=== Work instruction ===
There are pictures in the records below; leave them out and set down exactly the lines from the one holding "Portas para docas" through the one holding "6年生 ふるさと竜東の集い 千栄小についての発表".

=== Records provided ===
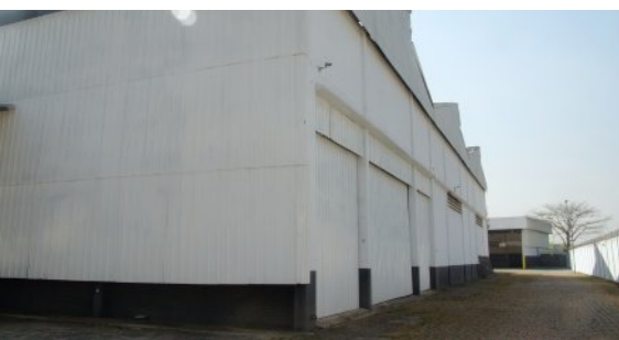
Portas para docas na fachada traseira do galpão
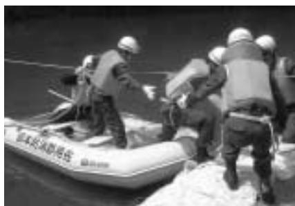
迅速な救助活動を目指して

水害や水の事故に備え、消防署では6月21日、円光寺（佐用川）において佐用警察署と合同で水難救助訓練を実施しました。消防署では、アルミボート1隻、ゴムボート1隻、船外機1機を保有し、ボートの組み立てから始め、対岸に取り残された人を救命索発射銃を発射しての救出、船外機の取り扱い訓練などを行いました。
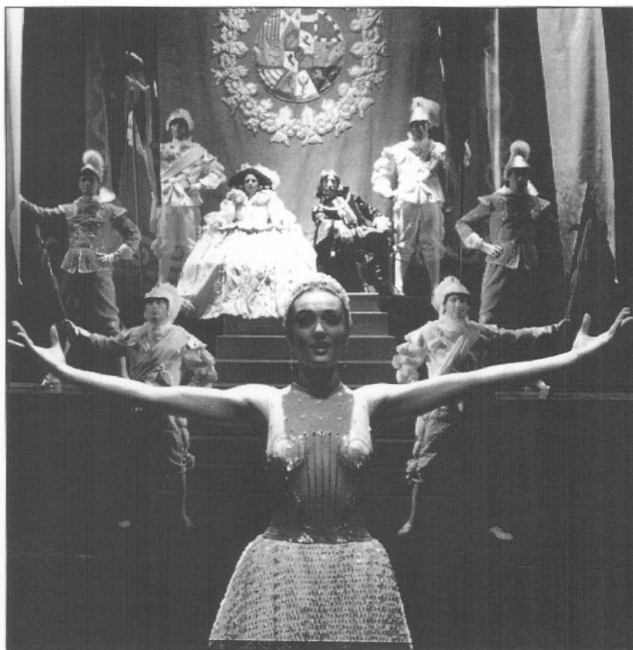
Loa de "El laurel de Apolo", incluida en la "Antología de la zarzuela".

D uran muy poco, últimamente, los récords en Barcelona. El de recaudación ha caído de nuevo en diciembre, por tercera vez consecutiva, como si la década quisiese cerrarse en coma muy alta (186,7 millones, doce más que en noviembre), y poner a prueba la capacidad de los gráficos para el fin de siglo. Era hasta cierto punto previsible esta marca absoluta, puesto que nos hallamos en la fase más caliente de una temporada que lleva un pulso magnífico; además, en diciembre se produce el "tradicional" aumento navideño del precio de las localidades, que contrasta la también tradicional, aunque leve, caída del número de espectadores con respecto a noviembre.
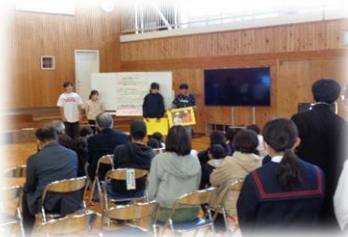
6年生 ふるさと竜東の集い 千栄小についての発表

==

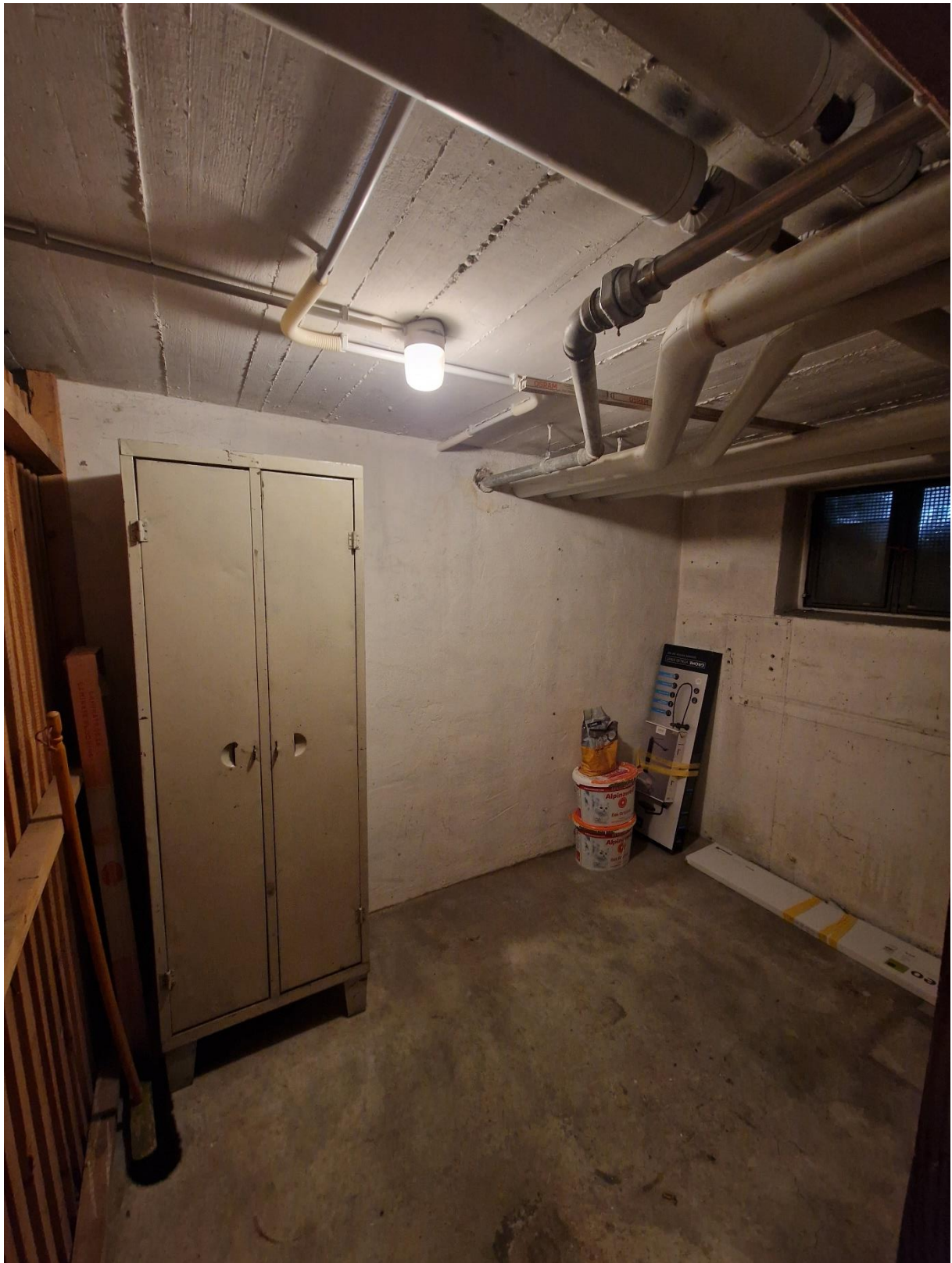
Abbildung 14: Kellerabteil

=== Task result ===
Portas para docas na fachada traseira do galpão
迅速な救助活動を目指して

水害や水の事故に備え、消防署では6月21日、円光寺（佐用川）において佐用警察署と合同で水難救助訓練を実施しました。消防署では、アルミボート1隻、ゴムボート1隻、船外機1機を保有し、ボートの組み立てから始め、対岸に取り残された人を救命索発射銃を発射しての救出、船外機の取り扱い訓練などを行いました。
Loa de "El laurel de Apolo", incluida en la "Antología de la zarzuela".

D uran muy poco, últimamente, los récords en Barcelona. El de recaudación ha caído de nuevo en diciembre, por tercera vez consecutiva, como si la década quisiese cerrarse en coma muy alta (186,7 millones, doce más que en noviembre), y poner a prueba la capacidad de los gráficos para el fin de siglo. Era hasta cierto punto previsible esta marca absoluta, puesto que nos hallamos en la fase más caliente de una temporada que lleva un pulso magnífico; además, en diciembre se produce el "tradicional" aumento navideño del precio de las localidades, que contrasta la también tradicional, aunque leve, caída del número de espectadores con respecto a noviembre.
6年生 ふるさと竜東の集い 千栄小についての発表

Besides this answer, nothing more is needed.